Children recovering from burn injury often have a longterm complaint of pruritus. Pruritus is usually identical to neuropathic pain. But very few of the studies reporting the use of gabapentin and pregabalin to treat both pruritus and neuropathic pain with inconsistent results. Therefore in the present study, the author revealed that gabapentin and pregabalin are effective in relieving pruritus and neuropathic pain in most burn survivors.

One of the most common complaints showed by the burn survivors is the pruritis afterburn. Pruritus is usually indistinct from neuropathic pain and the evidence regarding Pregabalin and Gabapentin ability to manage pruritus and neuropathic pain is also insufficient. This present investigation intends to investigate and record the impact of Pregabalin and Gabapentin among children and adolescent burn survivors.

A retrospective review of pharmacy records and charts of Pregabalin and Gabapentin administered to control pain and/or pruritus was performed and collected the data regarding age and weight of patients, the presence of neuropathic pain and pruritus, medication doses, reported response to medication, and medications adverse events. A total of one hundred thirty-six participants who took Pregabalin/Gabapentin alone or the combination are selected for the analysis. No participant received Pregabalin, 102 obtained Gabapentin and 24 took both medications. All the outcomes are recorded in the mean ± standard deviation (s.d.) dose/kg/day. A total of 30 patients experienced both the manifestations, 104 experienced pruritus particularly, and two experienced neuropathic pain exclusively. The provided medicine considered to be useful if the participants reported pruritus or pain relief from the medicine. The medicine was deemed to be safe if the subjects did not endure adverse side effects assuring discontinuation of the medications. However, if a person showed minor side effects such as hyperactivity or sedation, medicines were not stopped and were resumed with dose adjustments.

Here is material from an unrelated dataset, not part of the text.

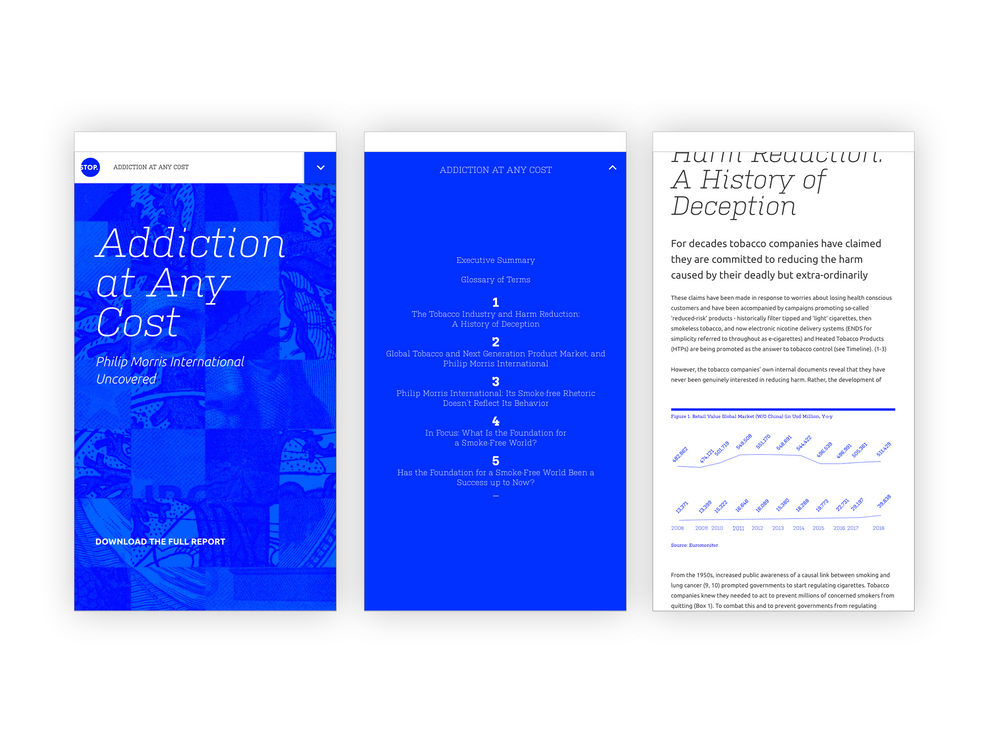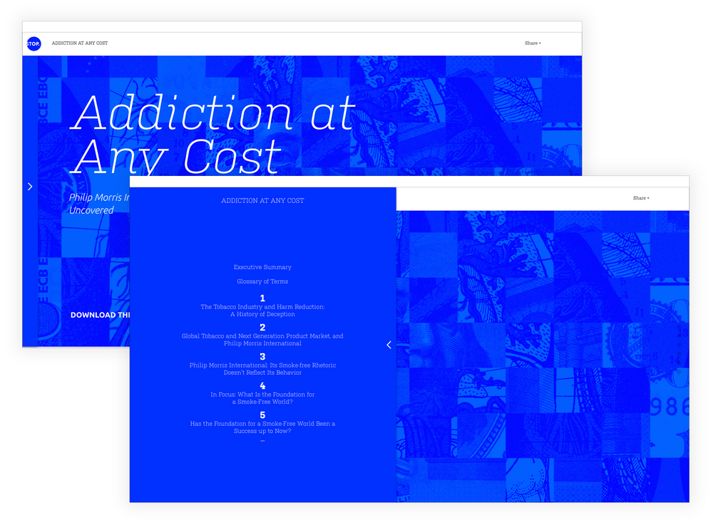I designed this report for the tobacco industry watchdog Stopping Tobacco Organizations & Products (STOP) developed to analyze historical tobacco industry sales data and findings from tobacco industry monitoring.

Each group is evaluated to measure the average effective dose mg/kg/day for Pregabalin and Gabapentin. The children of ≤5 years old, 6–12 years old and >12 years showed 23.9 ± 10.3, 27.0 ± 15.3, and 34.1 ±15.7 mg/kg/day average effective dose of Gabapentin, respectively. Further, the children of 6–12 years old and >12 years old exhibited 6.5 ± 3.5 and 4.7 ± 1.6 mg/kg/day average effective dose of Pregabalin, respectively. One 5-year-old child obtained 3.7 mg/kg/day of Pregabalin. The patients of this study received Pregabalin after the ineffectual response to Gabapentin. The maximum Gabapentin failure dose for both pain and pruritus among the subjects who obtained both the medications was 28.1 ± 18.3 mg/kg/day and for pruritus was 32.8 ± 18.0 mg/kg/day. The subjects obtained Gabapentin exhibited 100% adequate response for neuropathic pain, 91.4% for pruritus, and 43.3% for both pruritus and pain. Hundred per cent of participants employed with both Pregabalin and Gabapentin had a satisfactory response for pruritus, and 88.2% had a satisfactory response for both pain and pruritus. Two out of three subjects who received Gabapentin showed hyperactivity and one showed sedation. The patients who took both medications exhibited the cases of nausea, vomiting, and headaches and fixed after the Gabapentin discontinuation. One person described sedation while receiving both medications.

Pregabalin and Gabapentin are efficient in reducing pruritus and neuropathic pain in the maximum of burn survivors. In some cases, these medicines can be delivered concurrently. Some participants presented side effects.